Ивар отвел взгляд. Он-то знал, в чем было дело: это он прогнал Ангрбоду, и в тот раз она почему-то решила выполнить его приказ. Но духу не хватало рассказать об этом — даже Флоки. Такая слабость была недостойна викинга, но Ивар ничего не мог с собой поделать.
— Почему ты думаешь, что ее забрали боги? — спросил он у Флоки.
— Потому что Харбард — одно из имен Одина. Потому что первое появление Харбарда в Каттегате предвестил один и тот же сон, привидевшийся трем женщинам, среди которых была моя Хельга и твоя мать — Аслауг. Потому что Харбард своим прикосновением унял те боли, что мучили тебя с рождения.
Про то, как Харбард унял боли Ивара, не раз рассказывала мать. Она говорила, что с младенчества он плакал днями и ночами, и она не знала, как ему помочь. А потом пришел Харбард и забрал часть его боли себе. Ивар знал точно, что всего лишь часть, потому что боль осталась с ним, может, меньше, слабее, но осталась. Боль была с ним днем и ночью, во сне и наяву, она ломала и выкручивала его тощие ноги с ломкими костями, обтянутыми кожей без единого намека на мышцы, боль разламывала на части поясницу и поднималась выше — по позвоночнику — к шее и голове. Боль заставляла злиться, все время злиться, злиться и ненавидеть — всех и все вокруг.

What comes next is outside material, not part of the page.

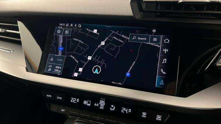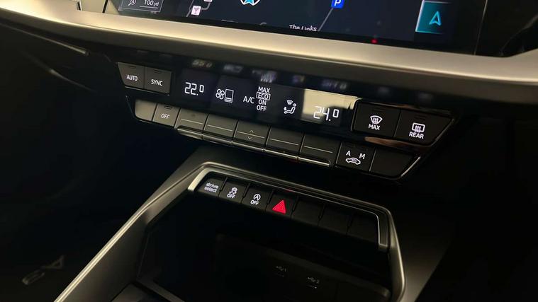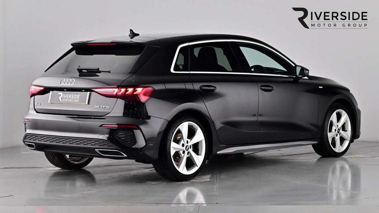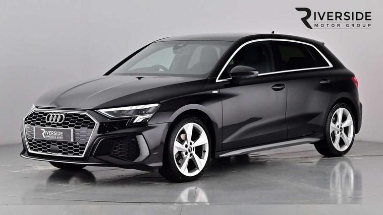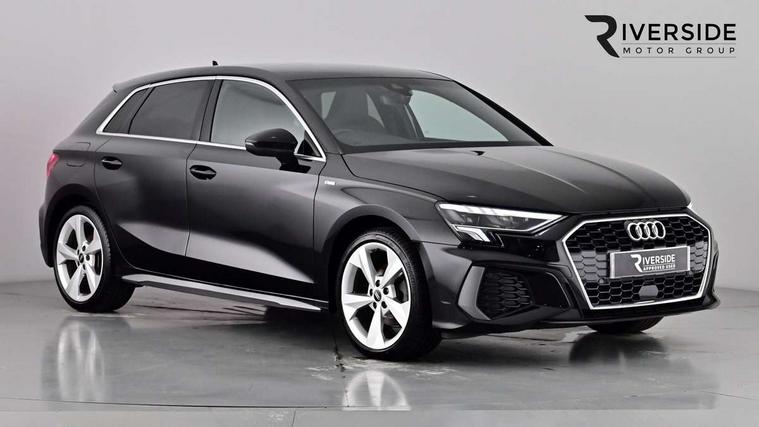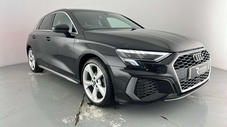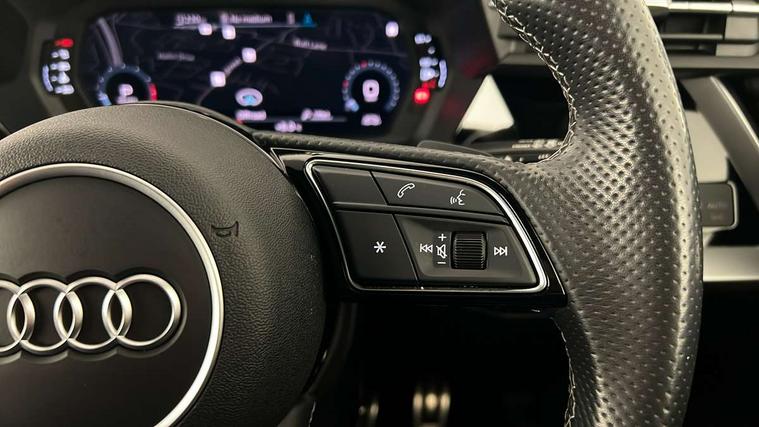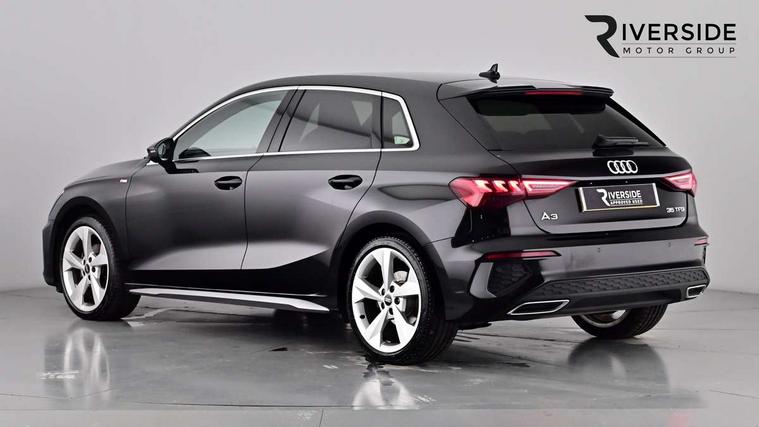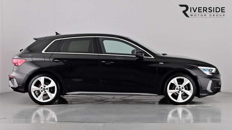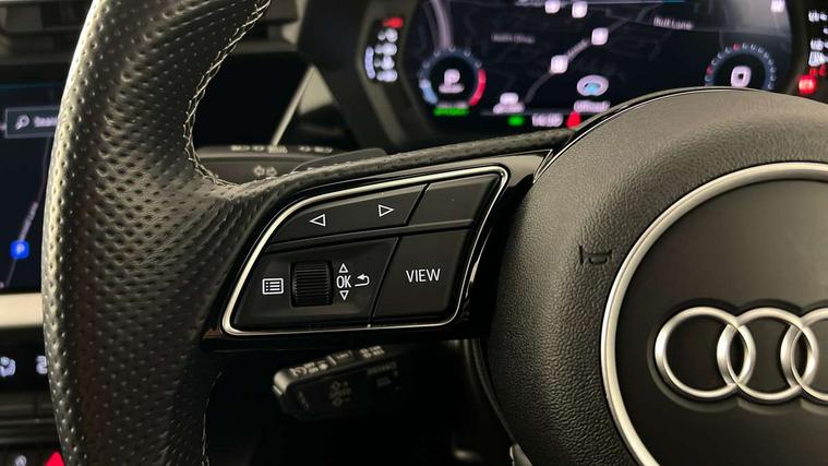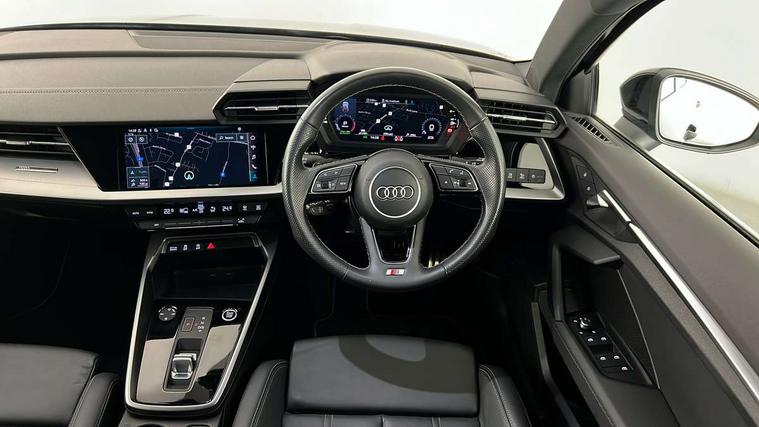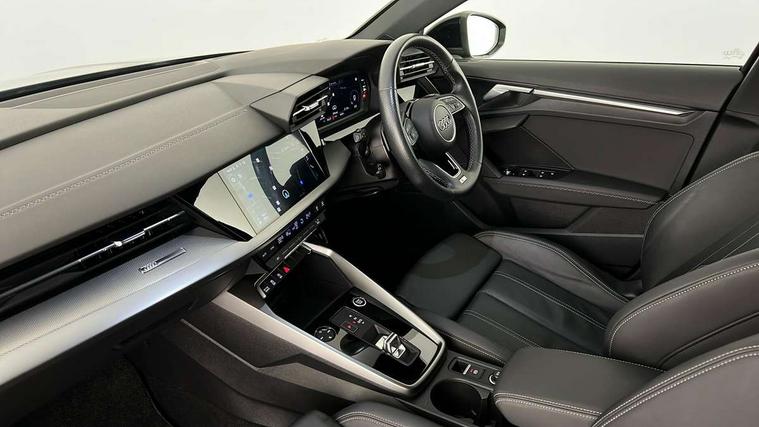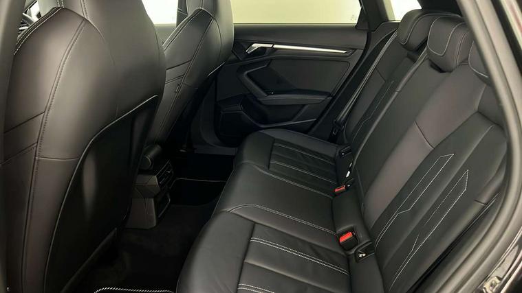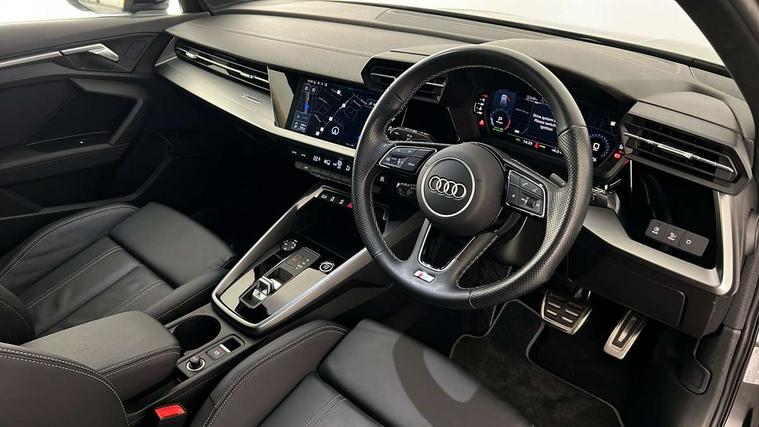 Audi drive select (Auto, Comfort, Dynamic, Efficiency and Individual), Audi smartphone interface, Audi Virtual Cockpit - 10.25" digital and colour instrument cluster, Automatic start/stop system with recuperation, Bluetooth interface, Collision avoidance assistant, e-Call (emergency call), Electromechanical power speed sensitive steering, Lane departure warning system, MMI Navigation Plus with high resolution 10.1" colour touch screen display, Service indicator, Trip computer, Voice control system with natural language interaction, 2xUSB-C connection with data and charging functions, 6 passive loudspeakers, DAB Digital radio, 3rd brake light, Acoustic glass windscreen, Aluminium window trim, Auto dimming frameless rear view mirror, Electrically adjustable/heated/folding/dimming door mirrors with kerb view includes integrated LED indications + kerb view function for passenger side, Front electric windows, Illuminated aluminium inserts front door sills with S logo, LED daytime running lights, LED headlights with LED rear lights and dynamic rear indicators, Light and rain sensors, Privacy glass - dark tinted rear window, rear door and side windows, Rear electric windows, Rear side air outlets in grained matt black, Rear side wing doors, Rear wiper, S line bumpers, S roof spoiler, 12V socket and storage compartment in front centre console, 3 seat bench in 2nd row, 40/20/40 split folding rear seat bench with cupholder, Black cloth headlining, Dual zone electronic climate control, Front and rear centre armrest in leather, Front and rear headrests, Front/rear floor mats, Height and reach adjustable steering wheel, Illuminated vanity mirror, Interior lighting - glove compartment light and right hand side, Luggage compartment floor covering, Manual boot compartment lid, Manually adjustable front seats, Seat side bolsters, Single front passenger seat, Stainless steel pedals and front footrest in black, Twin leather upholstery with front sports seats S embossed logo, Aluminium interior elements pack - A3 Sportback, S line styling pack - A3 Sportback, 3x3 point rear seat belts, Audi pre sense front, Driver and front passenger airbag with passenger airbag deactivation, Electronic Stabilisation Control (ESC) including ABS, ASR and EDL, First aid kit with warning triangle and 2 safety vests, Front side airbags with head airbags and interaction airbag, Pre-sense front with pedestrian and cyclist detection, Seatbelt monitoring, Tyre pressure loss indicator, Anti theft alarm, Anti-theft wheel bolts, Immobiliser, Manual child locks, Remote control central locking, Accent surfaces in the dashboard and centre console in platinum grey silk effect paint finish, Dark spectrum aluminium inlays,

— Каждый раз, когда приходил Харбард, тонули дети, — повторил Ивар тот слух, который витал в Каттегате. — В первый раз, когда, как вы все говорите, он вылечил меня, утонули двое. И еще двое — мои братья, Уббе и Хвитсерк, — чудом спаслись. Во второй раз утонула маленькая дочь Бьерна — Сигги. И в третий раз, год назад, — еще двое. Разве Один может быть так жесток к невинным детям?
— Это были жертвы, которые необходимы для явления бога людям. Смерть тех детей была так же чиста, как и смерти во время ритуалов или смерти в бою, с оружием в руках, — со значением сказал Флоки и провел рубанком вдоль доски. Опилки под его инструментом свились в длинные кудри. Разыгравшийся ветер поднял их в воздух и унес прочь — к лесу.
— А что если это не был Один? — все не унимался Ивар. И, помедлив, все же произнес то, о чем боялся сказать: — Ведь тот же Локи может принимать разные обличья…
— Локи? — Флоки тряхнул головой. — Что ж, я назвал дочь в честь его первой жены. И если он решил взять Ангрбоду себе, разве я вправе противиться этому?
Комментарий к — три —
https://vk.com/album-150543532_247452576?z=photo-150543532_456239199%2Falbum-150543532_247452576
========== — четыре — ==========
Лагерта разрешила провести пир в честь свадьбы Уббе и Маргреты в доме ярла. Братья были довольны, и лишь Ивар не уставал повторять, что это и так было их право. Точнее, было бы, если бы Лагерта не убила мать…
Уббе выглядел невероятно счастливым, а Хвитсерк и Сигурд бросали в сторону Маргреты недвусмысленные взгляды. Но сама Маргрета чаще всего посматривала на Ивара — с опаской. Он отвечал ей — то многообещающим подмигиванием, то улыбкой с угрожающим оскалом. После похода в Англию он уже почти и не цеплялся к ней по-настоящему, но Маргрета все еще боялась его — и это хорошо!